- What you should do -
With pictures excluded, copy word for word the lines in the data below from the line containing "Где ещё встречать" through the line containing "I couldn't make".

[Data items]
Segment Open

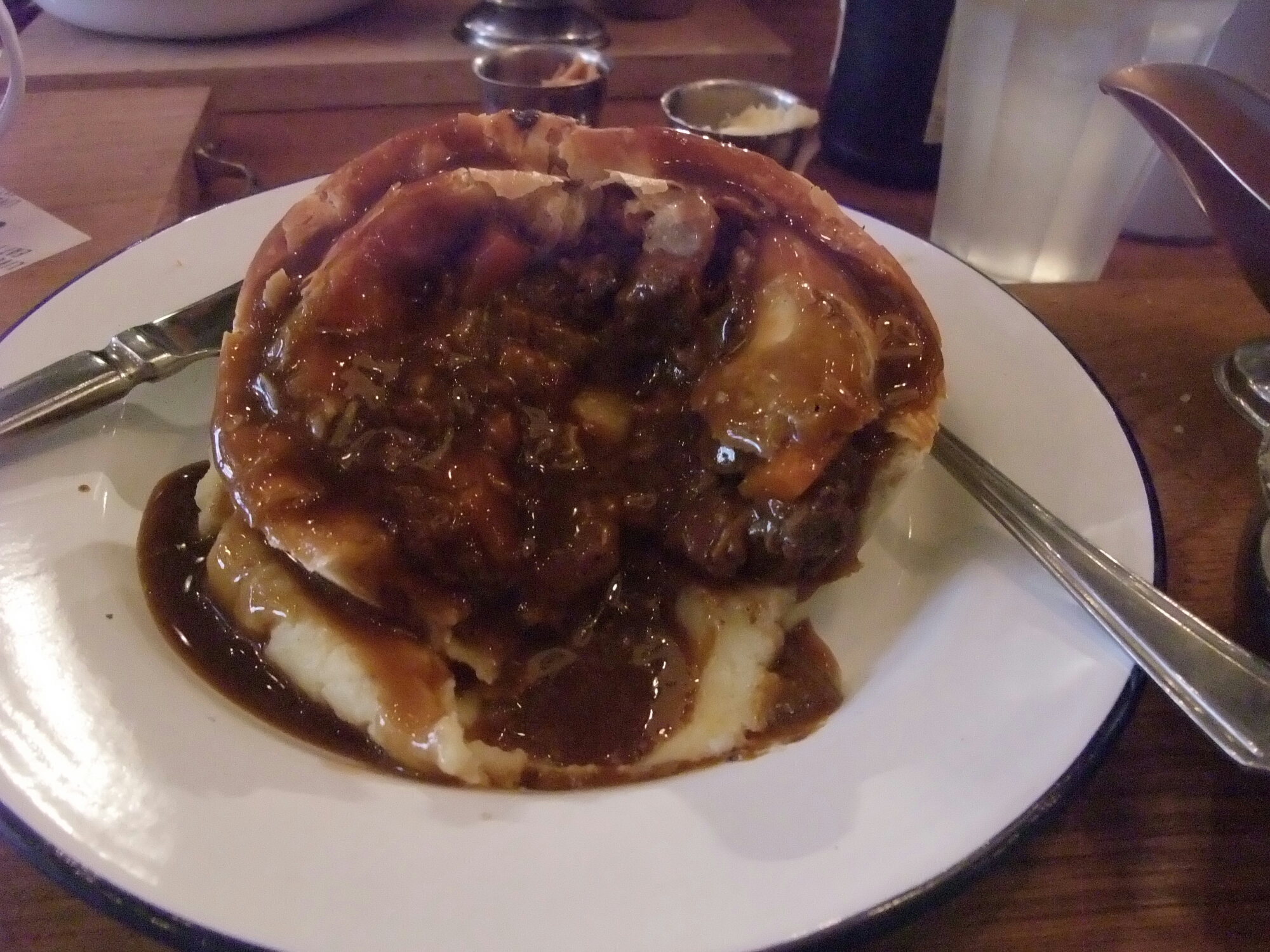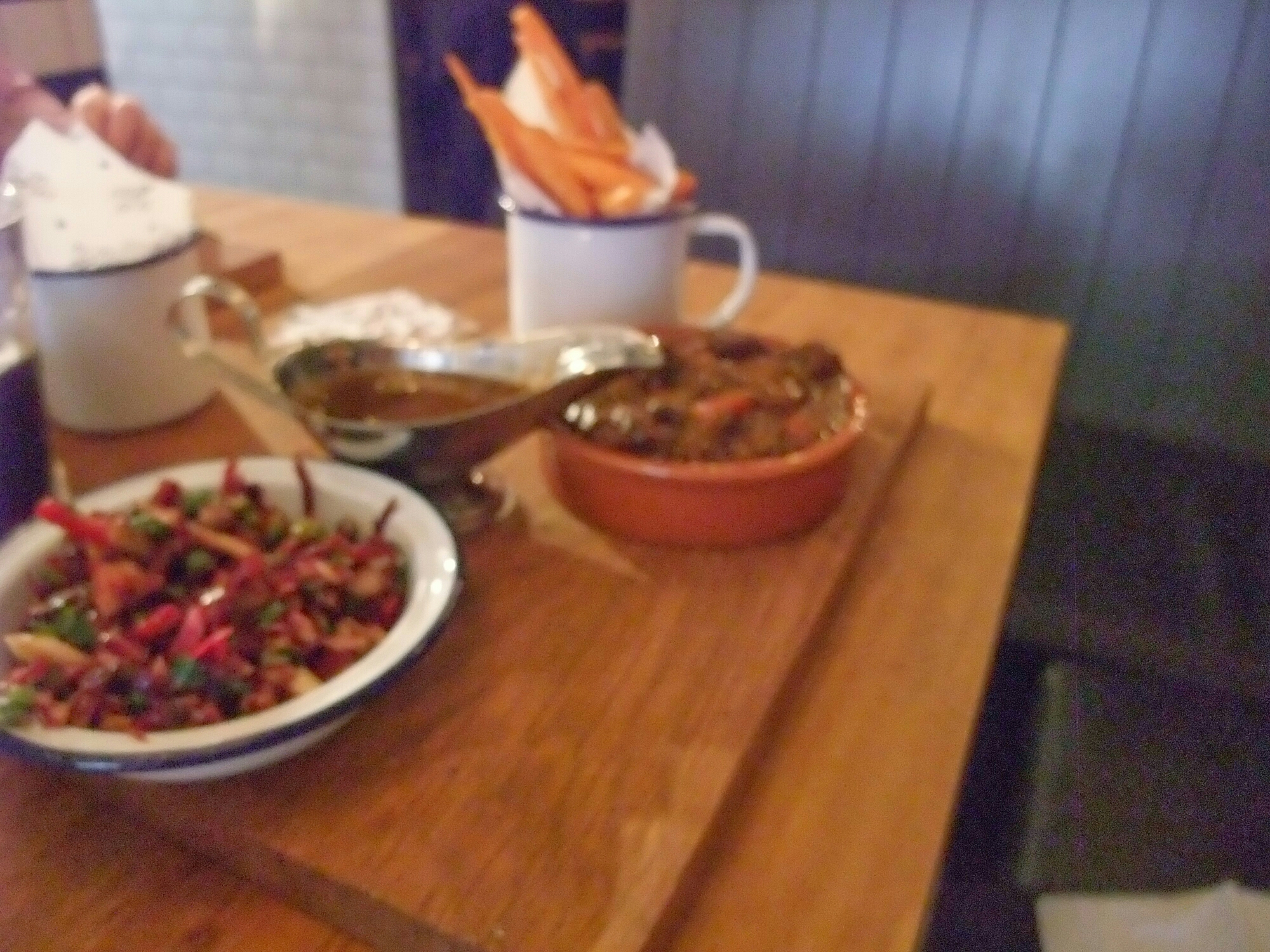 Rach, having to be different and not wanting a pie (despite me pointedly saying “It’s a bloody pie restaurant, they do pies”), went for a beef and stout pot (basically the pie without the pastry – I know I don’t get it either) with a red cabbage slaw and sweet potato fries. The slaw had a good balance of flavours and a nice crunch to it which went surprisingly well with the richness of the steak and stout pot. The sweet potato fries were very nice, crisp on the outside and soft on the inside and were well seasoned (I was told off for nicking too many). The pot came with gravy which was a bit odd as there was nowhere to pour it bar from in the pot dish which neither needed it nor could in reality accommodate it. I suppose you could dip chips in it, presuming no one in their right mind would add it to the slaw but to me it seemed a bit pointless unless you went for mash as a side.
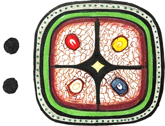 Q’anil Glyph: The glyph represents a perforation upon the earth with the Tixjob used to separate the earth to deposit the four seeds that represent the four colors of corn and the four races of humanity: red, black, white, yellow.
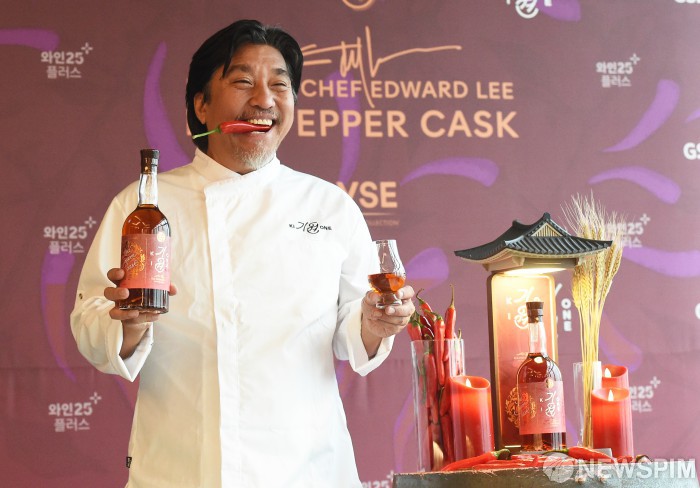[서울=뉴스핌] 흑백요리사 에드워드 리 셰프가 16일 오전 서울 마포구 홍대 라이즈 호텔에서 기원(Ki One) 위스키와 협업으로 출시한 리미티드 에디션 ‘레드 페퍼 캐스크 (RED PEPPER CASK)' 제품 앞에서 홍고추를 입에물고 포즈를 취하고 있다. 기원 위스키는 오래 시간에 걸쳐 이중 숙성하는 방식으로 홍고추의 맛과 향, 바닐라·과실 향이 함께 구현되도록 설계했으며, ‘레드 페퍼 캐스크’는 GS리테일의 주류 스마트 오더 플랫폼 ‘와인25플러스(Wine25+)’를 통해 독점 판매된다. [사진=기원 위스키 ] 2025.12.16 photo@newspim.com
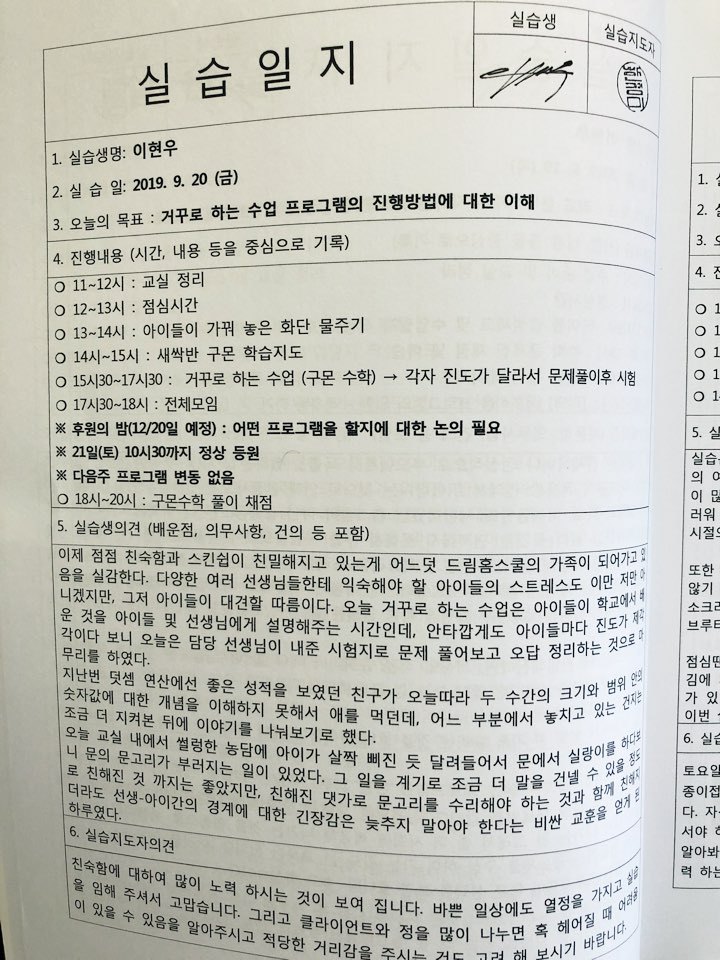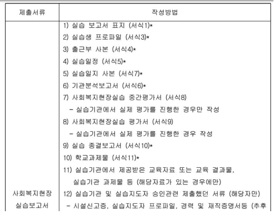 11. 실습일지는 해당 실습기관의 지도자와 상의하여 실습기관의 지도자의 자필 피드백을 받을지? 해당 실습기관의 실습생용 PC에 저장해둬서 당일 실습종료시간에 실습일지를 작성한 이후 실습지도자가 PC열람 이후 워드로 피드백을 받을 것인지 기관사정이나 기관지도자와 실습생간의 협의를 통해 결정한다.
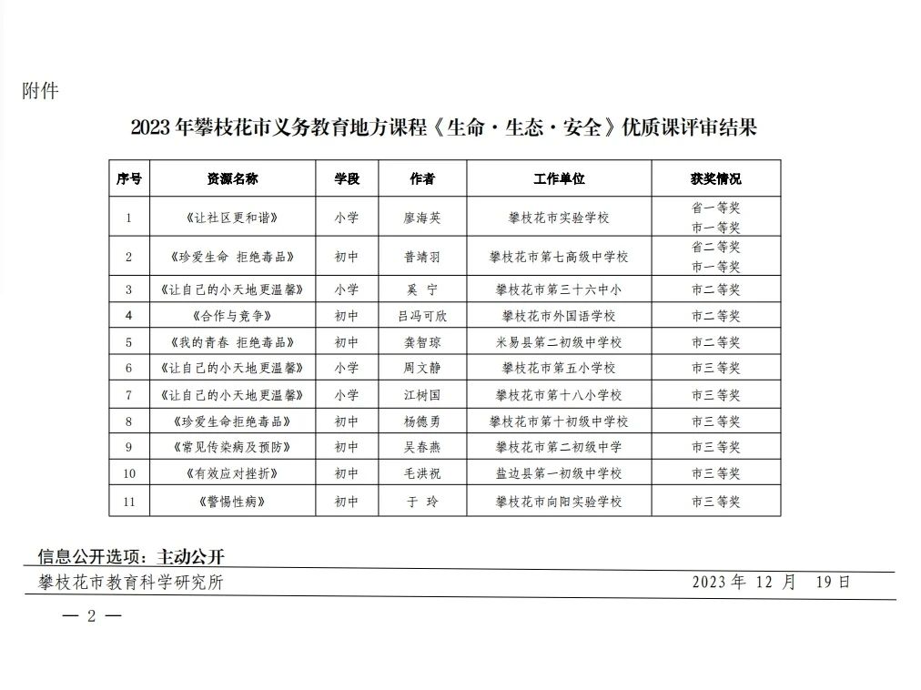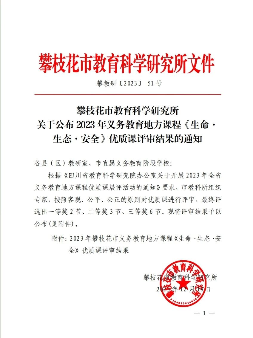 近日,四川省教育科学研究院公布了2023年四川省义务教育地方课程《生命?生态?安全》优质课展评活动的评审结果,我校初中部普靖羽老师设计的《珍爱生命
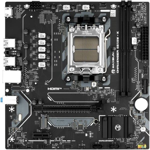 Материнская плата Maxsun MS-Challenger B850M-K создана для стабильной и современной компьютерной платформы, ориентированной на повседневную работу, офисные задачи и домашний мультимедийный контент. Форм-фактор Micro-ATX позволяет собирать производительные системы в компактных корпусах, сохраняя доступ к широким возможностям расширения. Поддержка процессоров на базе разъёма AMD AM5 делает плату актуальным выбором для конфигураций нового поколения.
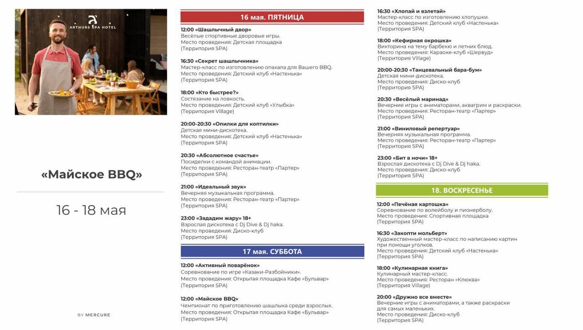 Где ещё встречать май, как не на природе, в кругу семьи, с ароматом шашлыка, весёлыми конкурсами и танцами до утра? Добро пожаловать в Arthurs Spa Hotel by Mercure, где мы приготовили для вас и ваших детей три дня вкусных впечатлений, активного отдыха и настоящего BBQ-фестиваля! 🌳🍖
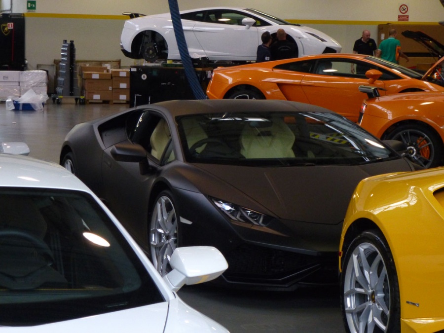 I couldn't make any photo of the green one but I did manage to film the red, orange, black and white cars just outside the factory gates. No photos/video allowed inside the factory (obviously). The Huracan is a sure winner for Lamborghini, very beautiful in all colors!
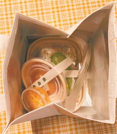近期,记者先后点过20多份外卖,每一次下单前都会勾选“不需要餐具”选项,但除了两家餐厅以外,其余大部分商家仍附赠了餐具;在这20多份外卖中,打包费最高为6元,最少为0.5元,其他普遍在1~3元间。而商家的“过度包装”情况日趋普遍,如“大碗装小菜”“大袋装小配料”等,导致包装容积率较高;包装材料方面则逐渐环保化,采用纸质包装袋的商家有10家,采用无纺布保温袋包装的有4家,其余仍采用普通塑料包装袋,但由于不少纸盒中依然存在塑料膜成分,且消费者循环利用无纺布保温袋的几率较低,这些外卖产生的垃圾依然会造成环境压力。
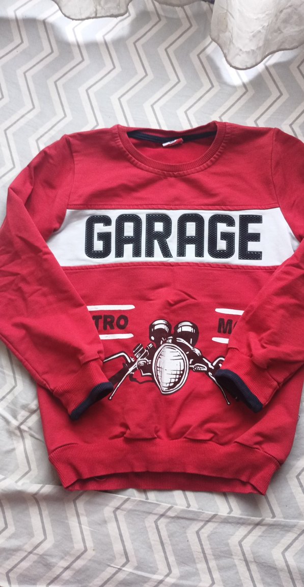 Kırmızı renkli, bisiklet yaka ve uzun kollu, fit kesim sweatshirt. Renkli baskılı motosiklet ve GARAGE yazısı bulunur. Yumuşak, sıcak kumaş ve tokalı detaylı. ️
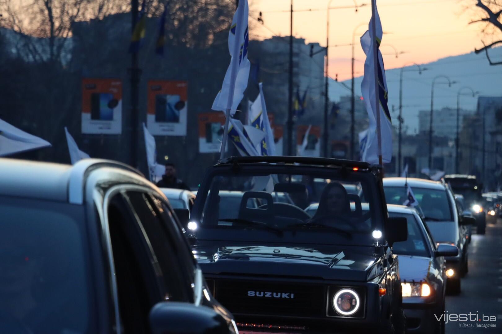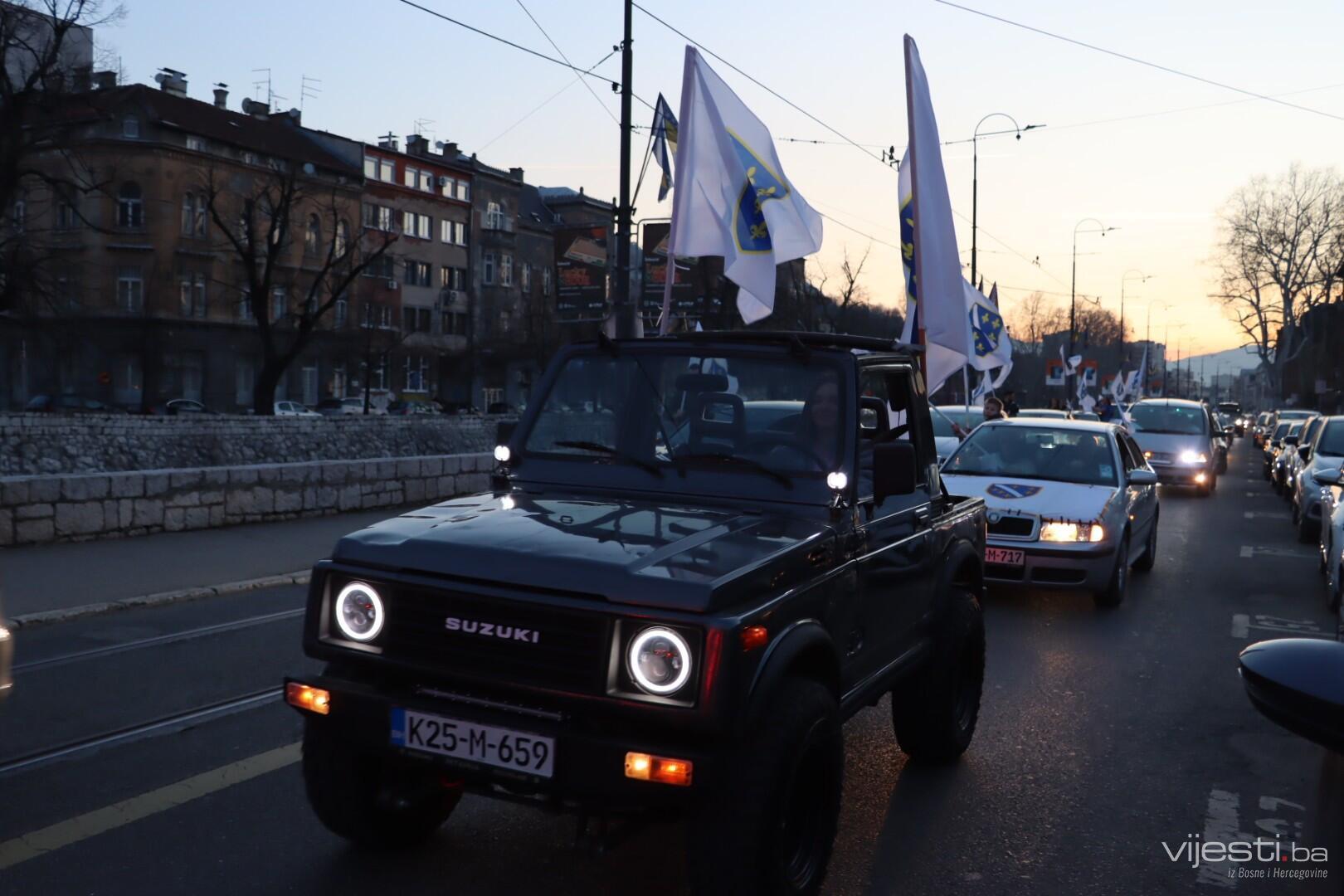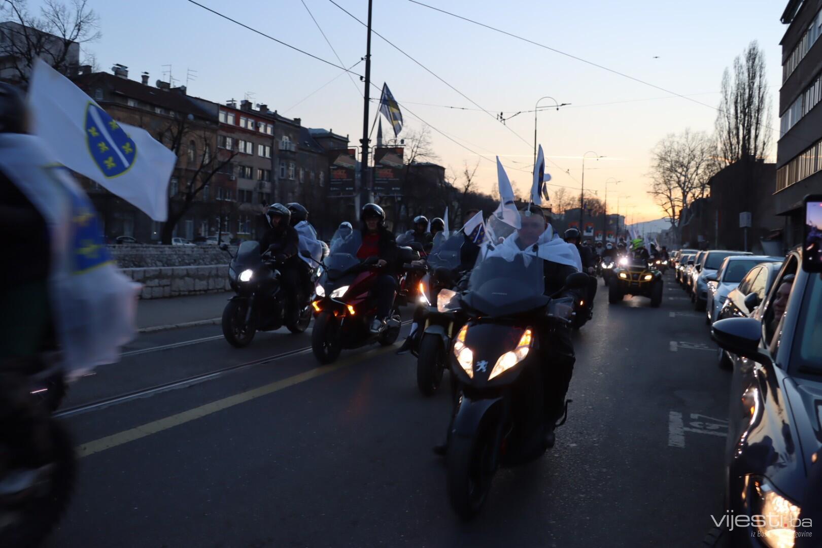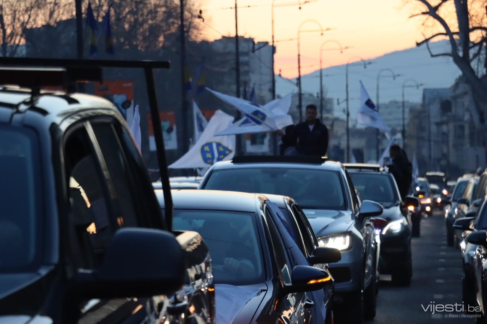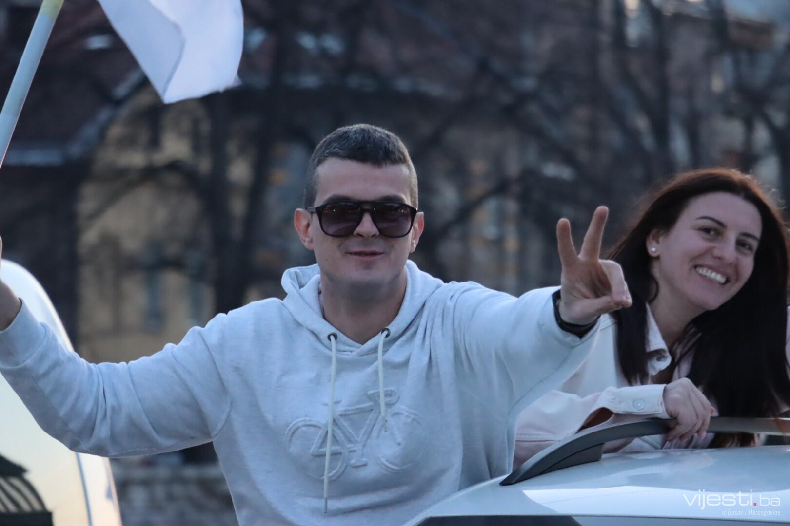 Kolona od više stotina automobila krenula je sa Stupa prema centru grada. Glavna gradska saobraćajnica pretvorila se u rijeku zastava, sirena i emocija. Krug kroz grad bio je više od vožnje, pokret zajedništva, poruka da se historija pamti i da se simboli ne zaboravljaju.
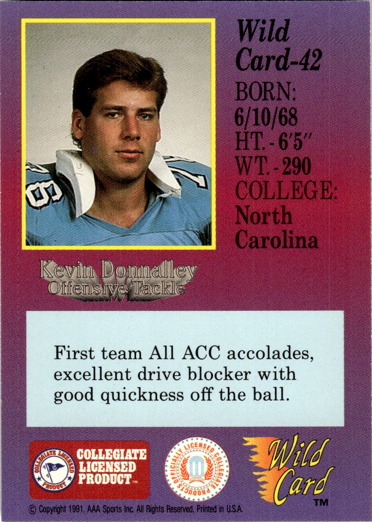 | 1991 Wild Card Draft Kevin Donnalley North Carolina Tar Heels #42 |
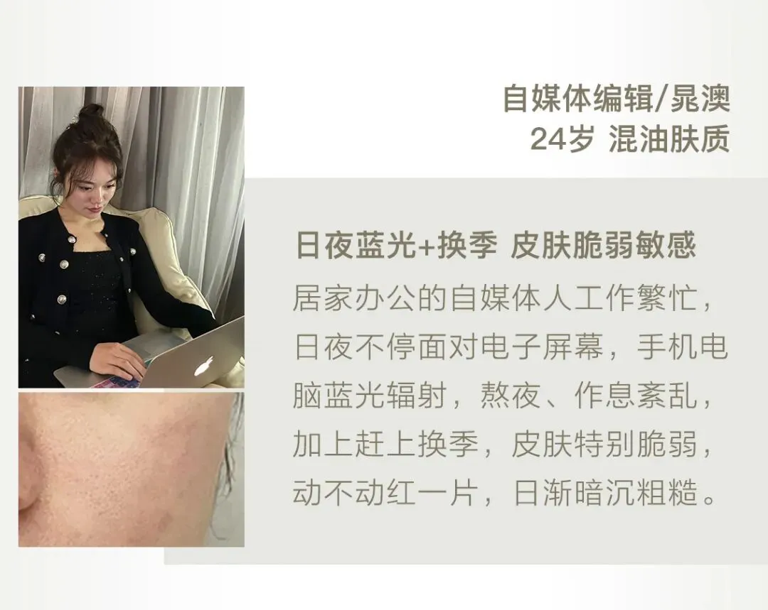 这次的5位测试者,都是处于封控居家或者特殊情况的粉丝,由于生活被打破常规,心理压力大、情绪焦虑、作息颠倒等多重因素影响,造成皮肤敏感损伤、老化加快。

Segment Closed

- Response box -
 Где ещё встречать май, как не на природе, в кругу семьи, с ароматом шашлыка, весёлыми конкурсами и танцами до утра? Добро пожаловать в Arthurs Spa Hotel by Mercure, где мы приготовили для вас и ваших детей три дня вкусных впечатлений, активного отдыха и настоящего BBQ-фестиваля! 🌳🍖
 I couldn't make any photo of the green one but I did manage to film the red, orange, black and white cars just outside the factory gates. No photos/video allowed inside the factory (obviously). The Huracan is a sure winner for Lamborghini, very beautiful in all colors!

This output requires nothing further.